Records supplied:
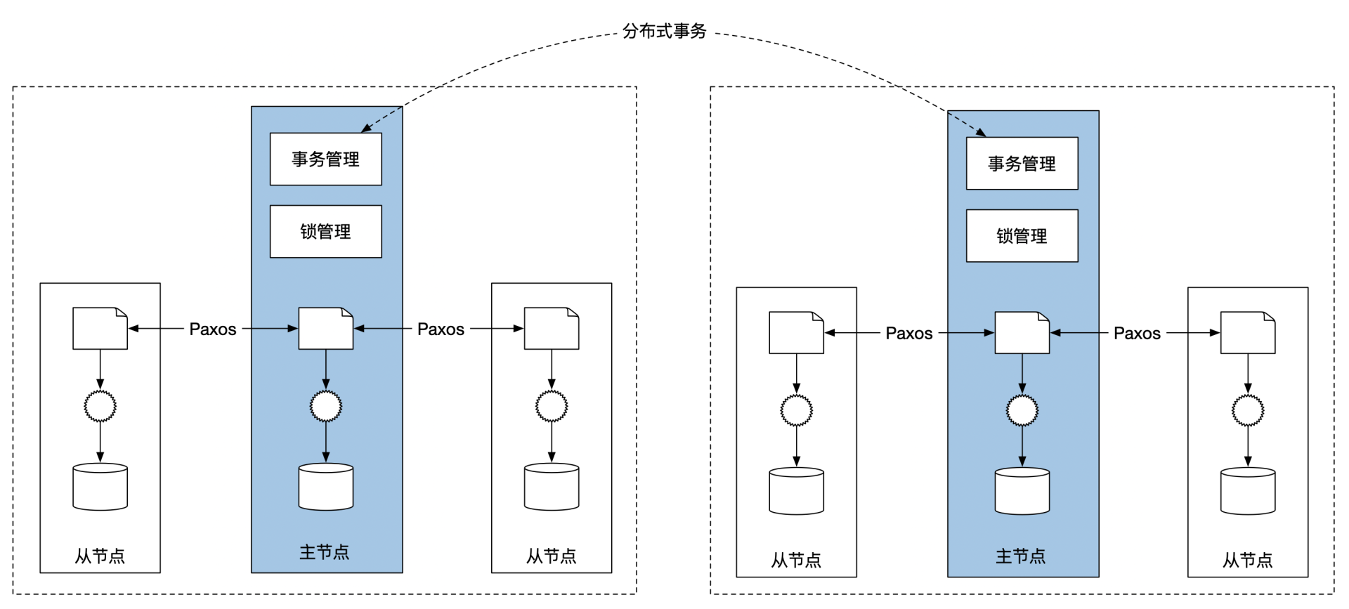 Paxos算法的节点也有主从之分。共识算法的主节点会承担起实现分布式锁的责任,同时它也负责维护集群的事务管理。如果事务需要横跨多个不同的Spanner组,那么每个组的主节点会互相沟通,选一个主节点作为分布式事务的协调者,用两阶段提交的方式来实现分布式事务。
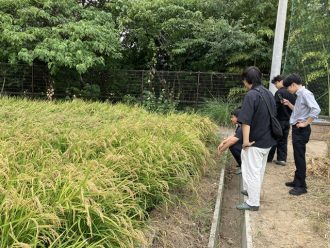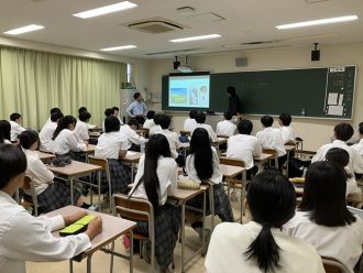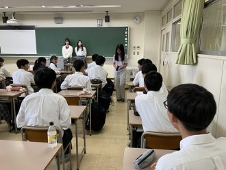 本校では毎年摂南大学の留学生を学校にお招きし、出身国のことを語ってもらっています。1年後に海外への修学旅行を控える高1の生徒たちが、日ごろ当たり前だと思っている文化以外にも多様な文化があることを実感する機会として例年行っています。今年はインドネシア・中国・韓国の留学生が来てくれました。お上手な日本語で自作のスライドで説明してくださる姿に生徒たちも興味津々でした。さらに異文化交流委員の生徒から、日本の文化について英語でスライドを作って説明しました。3000万人を超える方が日本を訪れる今、必要な学びですね。ちなみに、この日はたまたま中学校の農園で稲刈りが行われる日で、留学生のみなさんを農園にご案内すると、農学部の方を中心に大喜びでした。
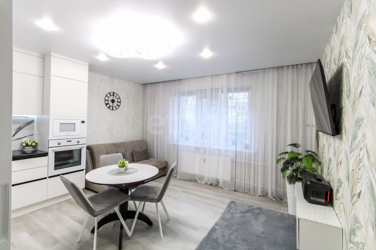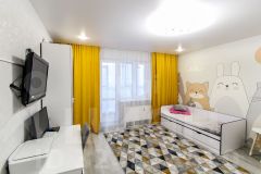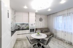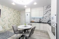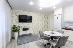 Квартира оформлена и обставлена качественно и со вкусом. В светлых тонах, но с яркими акцентами (стены — яркий современный акцент). Есть дополнительное точечное освещение, а на полу кварц винил — износостойкий, современный и просто красивый материал.
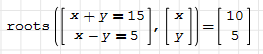 I tried to solve two equations (x+y = 15 and x-y = 5), but the solver means "Assign variable" ???
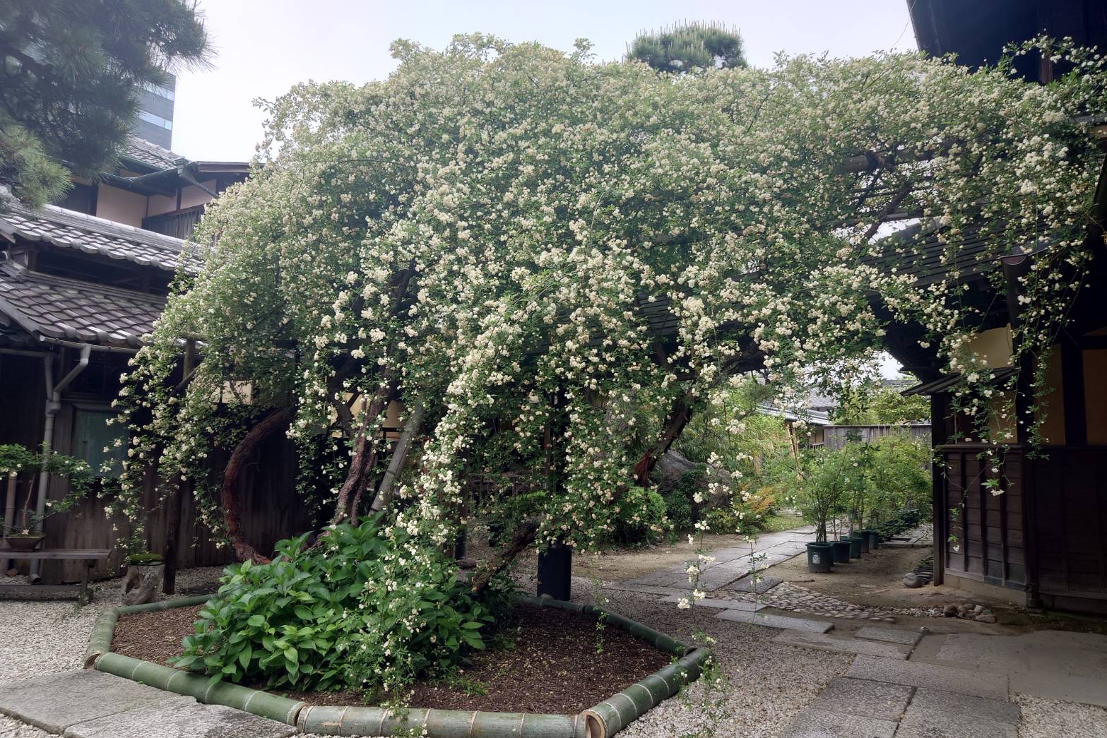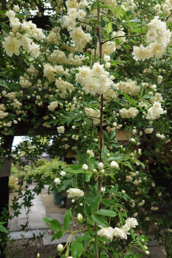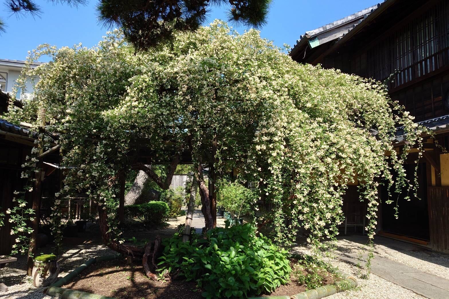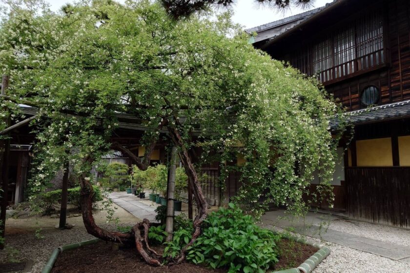 小栗家住宅 門庭に咲く日本最古・最大級の白モッコウバラ

Work task: Leave out every picture and write out exactly the lines running from the line containing "Квартира оформлена и" to the end of the listing above.

Written response:
 Квартира оформлена и обставлена качественно и со вкусом. В светлых тонах, но с яркими акцентами (стены — яркий современный акцент). Есть дополнительное точечное освещение, а на полу кварц винил — износостойкий, современный и просто красивый материал.
 I tried to solve two equations (x+y = 15 and x-y = 5), but the solver means "Assign variable" ???
 小栗家住宅 門庭に咲く日本最古・最大級の白モッコウバラ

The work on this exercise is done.